Precise Meaning of ‘Tea Money’ Up for Debate

A three-year-old comment by a senior Cambodian government official has become a semantic tempest in a teapot this week, having possibly helped spur several corruption probes of the world’s largest mining firm.

Seven months after the Cambodian government inked a mineral exploration deal with Australian firm BHP Billiton, Minister of Water Resources Lim Kean Hor told the National Assembly in 2007 that the government had received “tea money, $2.5 million, from the bauxite investment with Australia.”

Tea money, or ‘loi teok te’ in Khmer language is a common term in many Asian countries, including Cambodia, used to refer to unofficial or under-the-table commissions.

But, Chan Yutha, a cabinet chief at the Water Resources Ministry, emphatically denied on Thursday that this was what the phrase meant. He said tea money was “not under-the-table money…bribery or corruption money” and blamed the confusion on the difficulty of translating between Khmer and English.

Historian Ros Chantrabot, an adviser to the Royal Academy of Cambodia, said that the term is a recent import into the Khmer language by ethnic Chinese businessmen. Tea money is usually just a colorful way of describing a legal commission paid to a salesman or agent, he added.

“Tea money is just called a commission-it’s not illegal…it’s not under-the-table or corrupt money,” Mr Chantrabot said.

But SRP parliamentarian Mu Sochua said that although unofficial tea money payments are widespread in the private sector and among local officials, any payment of tea money to a high-ranking official constitutes “totally unacceptable” corruption.

“It is a practice at the local level which is a part of doing business, but if it is for officials then it is very serious,” she said.
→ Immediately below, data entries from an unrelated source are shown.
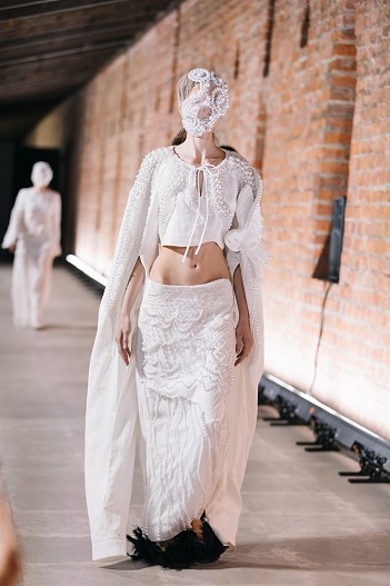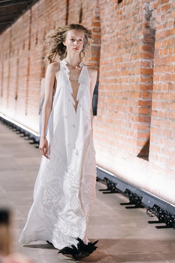 •    Царевны. Архитектурные силуэты и крупные жемчужные вышивки, которые не украшают поверх, а держат форму и создают «ландшафт» на платьях.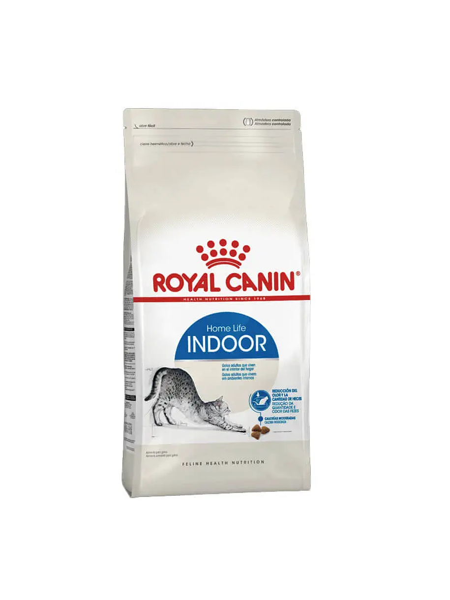 ROYAL CANIN INDOOR ADULT 7,5 KG, alimento para gatos adultos que viven en el interior del hogar, a partir del año de edad. Contiene proteínas de alta digestibilidad (L.I.P) que ayudan a reducir la mala calidad de las heces y el olor fecal, producto de un tránsito intestinal más lento. Está formulado con calorías moderadas para ayudar a mantener un peso saludable adaptado a las necesidades de los gatos con bajos niveles de actividad física que viven en el interior del hogar. Además, contribuye a la reducción de bolas de pelo, ya que ayuda a estimular el tránsito intestinal y a eliminar los pelos ingeridos, gracias a las fibras específicas que contiene.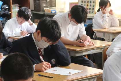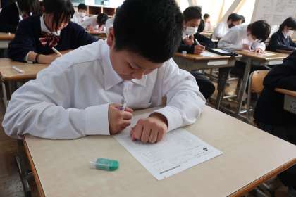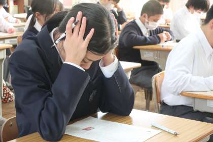 定期テスト目前での単元テストです。弱点の洗い出しをし、週末の学習に生かしてほしいと思います。

“Tea money is money that you pay someone for a favor,” Ms Sochua added. “That alone is part of corruption, because it is money in order to buy favors so that you can have the upper hand over competition.”

When asked by a reporter on Friday to provide a definition of tea money, Phan Phalla, the deputy secretary general of the Supreme National Economic Council, sidestepped the question.

“I am sorry to say that I am not the person to know of these specifics,” he said while speaking Friday at a roundtable discussion in Phnom Penh on the management of natural resource wealth.